* **PROBLEM DESCRIPTION**
Once you find the line with "Вторая книга подарила" in the data below, transcribe exactly each line from there to the line with "北京时间昨夜今晨,欧洲第4轮", inclusive, and nothing else. Drop the pictures.

* **MATERIAL SHOWN**

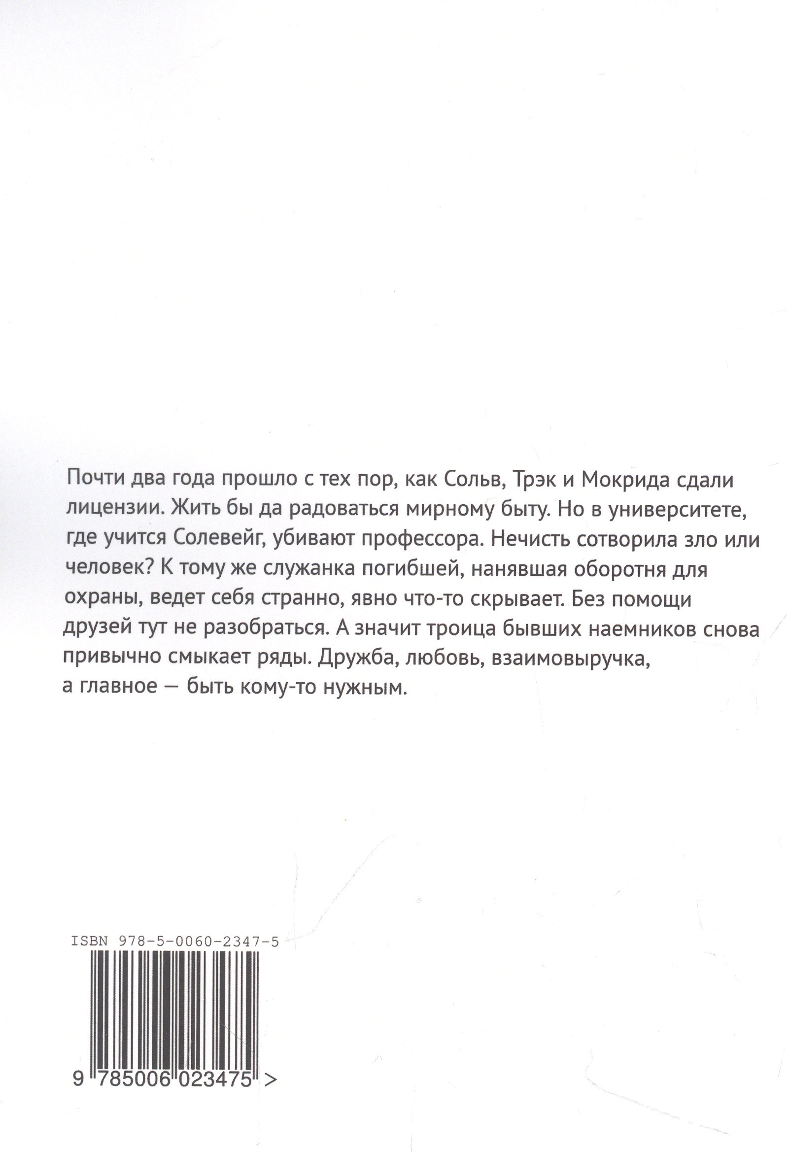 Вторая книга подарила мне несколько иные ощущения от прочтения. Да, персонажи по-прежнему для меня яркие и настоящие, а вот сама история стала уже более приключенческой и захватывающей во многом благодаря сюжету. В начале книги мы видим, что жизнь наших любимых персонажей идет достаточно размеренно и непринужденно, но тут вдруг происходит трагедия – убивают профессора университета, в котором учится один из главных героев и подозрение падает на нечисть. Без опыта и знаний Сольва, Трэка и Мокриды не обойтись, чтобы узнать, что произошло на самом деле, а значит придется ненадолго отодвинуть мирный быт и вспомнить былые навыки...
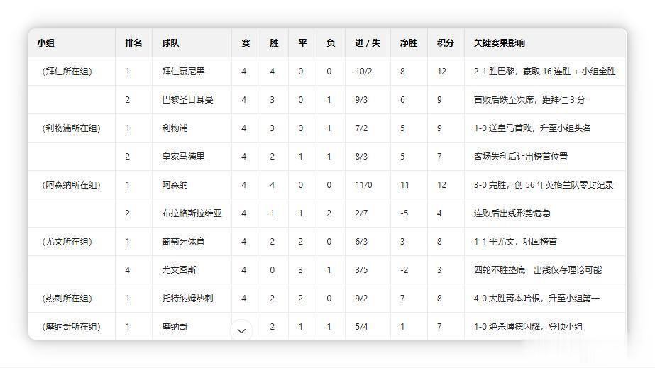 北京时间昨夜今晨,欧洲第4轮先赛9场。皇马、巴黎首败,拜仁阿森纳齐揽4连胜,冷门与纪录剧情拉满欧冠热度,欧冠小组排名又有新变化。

==

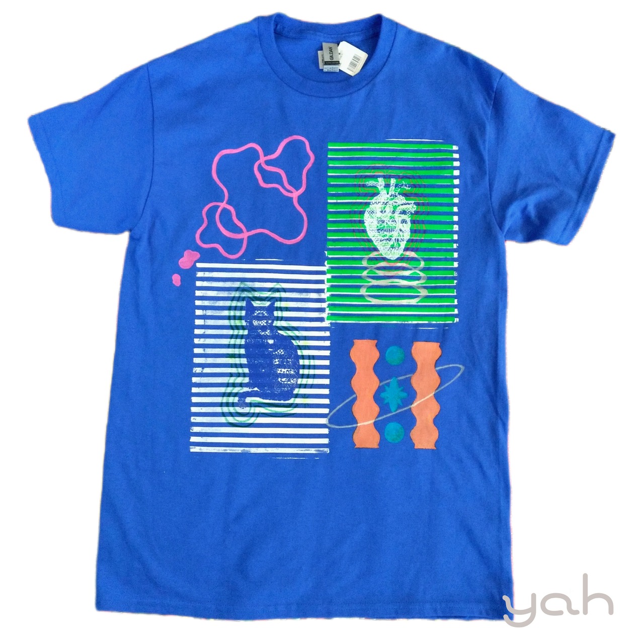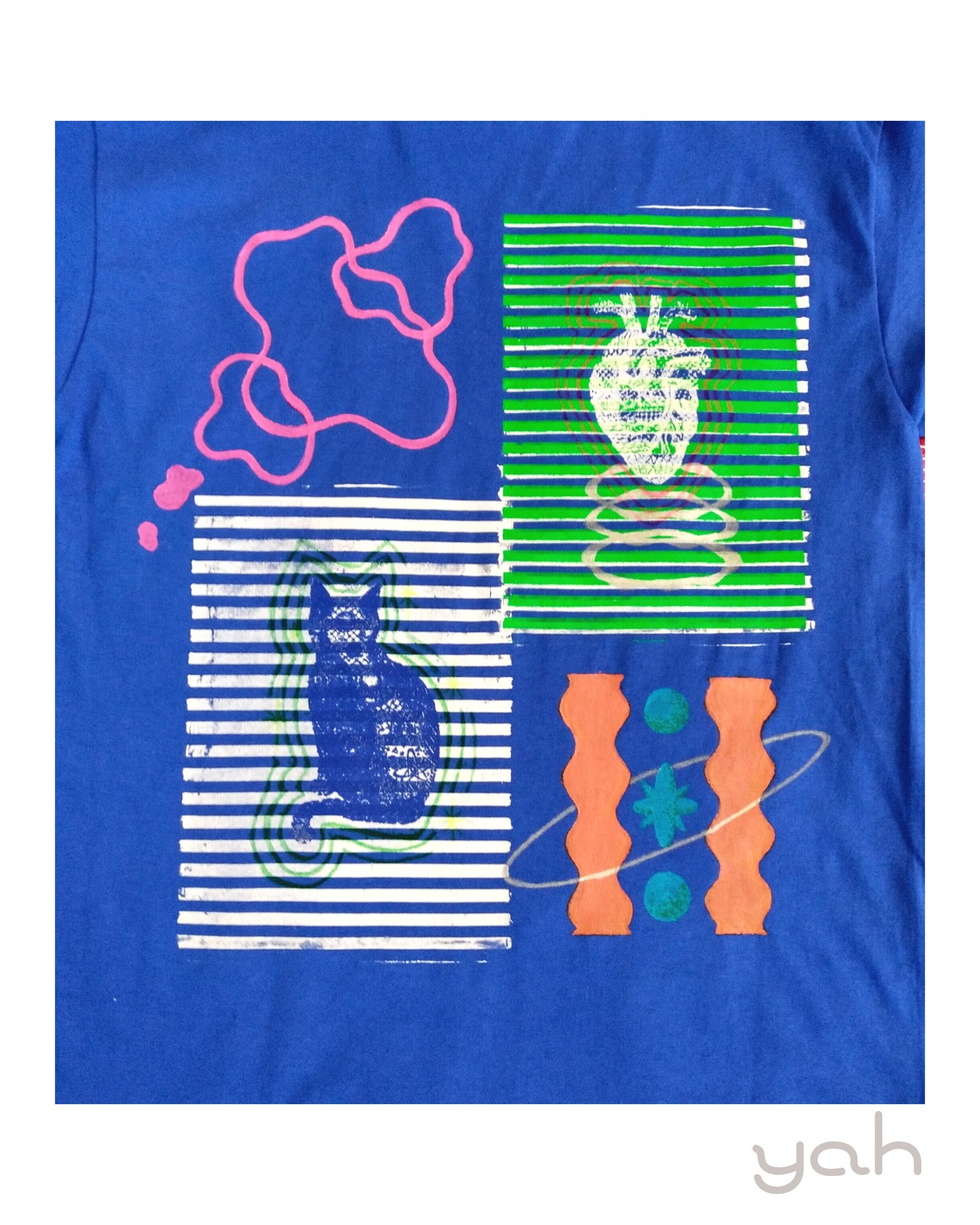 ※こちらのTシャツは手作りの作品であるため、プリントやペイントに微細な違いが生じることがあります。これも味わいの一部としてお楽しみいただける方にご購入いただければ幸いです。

* **ANSWER AREA**
 Вторая книга подарила мне несколько иные ощущения от прочтения. Да, персонажи по-прежнему для меня яркие и настоящие, а вот сама история стала уже более приключенческой и захватывающей во многом благодаря сюжету. В начале книги мы видим, что жизнь наших любимых персонажей идет достаточно размеренно и непринужденно, но тут вдруг происходит трагедия – убивают профессора университета, в котором учится один из главных героев и подозрение падает на нечисть. Без опыта и знаний Сольва, Трэка и Мокриды не обойтись, чтобы узнать, что произошло на самом деле, а значит придется ненадолго отодвинуть мирный быт и вспомнить былые навыки...
 北京时间昨夜今晨,欧洲第4轮先赛9场。皇马、巴黎首败,拜仁阿森纳齐揽4连胜,冷门与纪录剧情拉满欧冠热度,欧冠小组排名又有新变化。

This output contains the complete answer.